“Word has just reached us here in Tuscaloosa, that in Halberstadt, Germany, almost two years ago now, two pipes have been removed from the Blokwerk organ in St. Burchardi Church, silencing a pair of E’s that had been contributing to a chord playing continuously for the previous year and a half,” writes Michael Martone in The Oxford American. The chord he mentions is part of a 639-year performance of John Cage’s As Slow As Possible, a concert that began on September 5, 2001.

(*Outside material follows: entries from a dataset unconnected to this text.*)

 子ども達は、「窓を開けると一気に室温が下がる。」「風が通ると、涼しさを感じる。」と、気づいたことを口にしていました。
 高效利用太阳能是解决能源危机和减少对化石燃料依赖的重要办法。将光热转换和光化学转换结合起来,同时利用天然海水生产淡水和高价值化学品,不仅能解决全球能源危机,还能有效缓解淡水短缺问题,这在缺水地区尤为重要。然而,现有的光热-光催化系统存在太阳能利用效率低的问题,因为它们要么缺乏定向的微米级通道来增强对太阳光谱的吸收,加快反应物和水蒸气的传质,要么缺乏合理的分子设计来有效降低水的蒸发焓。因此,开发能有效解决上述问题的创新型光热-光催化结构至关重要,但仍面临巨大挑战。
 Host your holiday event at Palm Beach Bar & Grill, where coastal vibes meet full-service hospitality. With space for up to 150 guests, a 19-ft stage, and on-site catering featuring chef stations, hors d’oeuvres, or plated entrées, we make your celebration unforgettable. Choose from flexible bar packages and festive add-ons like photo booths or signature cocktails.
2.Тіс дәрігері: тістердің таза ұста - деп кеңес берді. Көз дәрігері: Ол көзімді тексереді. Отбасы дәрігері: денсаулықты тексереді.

“I am fond of this admittedly highly conceptual piece,” he reflects. “I admire its hopeful nature, its assumption that someone not only will be around to play the final notes of the coda but that someone will be around to hear the silence that follows. The movements last seventy-one years each, lifetimes. There will be others present, as time goes on, to sound and sustain the decades-long chords, to harmonize with the apparently endless tonic, to engage the score for scores and scores of years.”

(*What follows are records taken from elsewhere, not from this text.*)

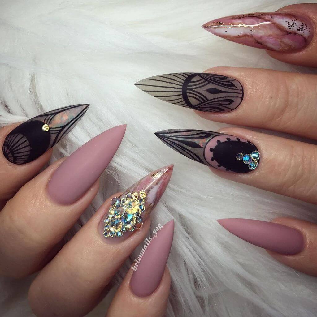 Owners of long nails know well how to refine and soften their nail art. To do this, they use a matte texture, melange, “sugar” and other material that gives the marigolds velvety softness. Matte manicure on sharp nails can be done in dark, saturated shades. Most often, burgundy and black colors are used for design. Rhinestones are placed in the classical way: in the root zone, in the middle of the nail with a strip, across the nail, in the form of a wave.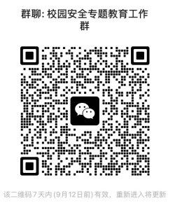 各学院可结合入学教育,在军训期间同步开展相关活动,也可于国庆节后通过主题班会、专题讲座等形式进行。请各学院于9月10日前指定一名负责人,并扫描附件中“校园安全专题教育工作群”二维码加入群组,以便后续协调与通知。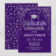 Convite festa de formatura para homens ou mulheres. Cartão de convite elegante em roxo e prata. Design moderno simples com faux glitter confetti, uma fonte de script de boné e tipografia. Perfeito para uma comemoração de na moda.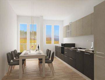 La sostenibilità è al centro di questo progetto: grazie alla realizzazione del cappotto interno e all'installazione di infissi a taglio termico, si riducono le emissioni di gas inquinanti. La pompa di calore elettrica assicura un riscaldamento e un raffreddamento efficienti, rendendo questo appartamento non solo elegante ma anche eco-friendly.

The concert serves as a jumping off point for a poignant musing on trains, time, sound, change and sadness. “Listen, I live near trains. And their timely and timeless concerts seem to be a kind of folk version, an unselfconscious rendition of the avant-garde tooting going on in Germany.

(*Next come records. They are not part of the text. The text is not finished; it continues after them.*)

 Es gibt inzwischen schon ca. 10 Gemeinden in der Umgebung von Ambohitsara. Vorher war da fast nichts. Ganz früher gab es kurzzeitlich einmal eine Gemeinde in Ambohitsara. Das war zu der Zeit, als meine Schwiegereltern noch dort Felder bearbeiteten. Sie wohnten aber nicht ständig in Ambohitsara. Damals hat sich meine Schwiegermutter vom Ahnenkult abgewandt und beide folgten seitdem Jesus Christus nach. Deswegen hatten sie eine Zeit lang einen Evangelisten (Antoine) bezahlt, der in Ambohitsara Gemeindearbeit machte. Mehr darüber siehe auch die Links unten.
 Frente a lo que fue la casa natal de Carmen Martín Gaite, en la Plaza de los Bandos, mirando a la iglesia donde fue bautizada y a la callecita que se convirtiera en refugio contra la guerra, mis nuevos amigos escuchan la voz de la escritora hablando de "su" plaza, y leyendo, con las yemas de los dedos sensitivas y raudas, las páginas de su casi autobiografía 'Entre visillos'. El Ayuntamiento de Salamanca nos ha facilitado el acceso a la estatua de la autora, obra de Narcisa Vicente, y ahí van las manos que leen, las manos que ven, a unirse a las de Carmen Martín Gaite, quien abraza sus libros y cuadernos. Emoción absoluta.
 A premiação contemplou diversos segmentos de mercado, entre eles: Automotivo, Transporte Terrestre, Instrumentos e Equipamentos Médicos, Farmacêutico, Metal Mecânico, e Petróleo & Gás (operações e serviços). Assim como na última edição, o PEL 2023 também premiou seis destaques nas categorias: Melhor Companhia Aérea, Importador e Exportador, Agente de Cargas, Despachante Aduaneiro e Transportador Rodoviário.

“How strange to have this music always there…Disembodied and massive, a moving wall, a kind of static, yet with distant, distinct eruptions of a phrase, a fragment that first asserts then loses its train of thought. Transmitted through invisible air, the hidden source is most often on the move, restless, remote, receding, leaving this polyphonic note floating in a wake… It is the perfect accompaniment…seamlessly incorporated into our emotional wiring, our ambient ache.”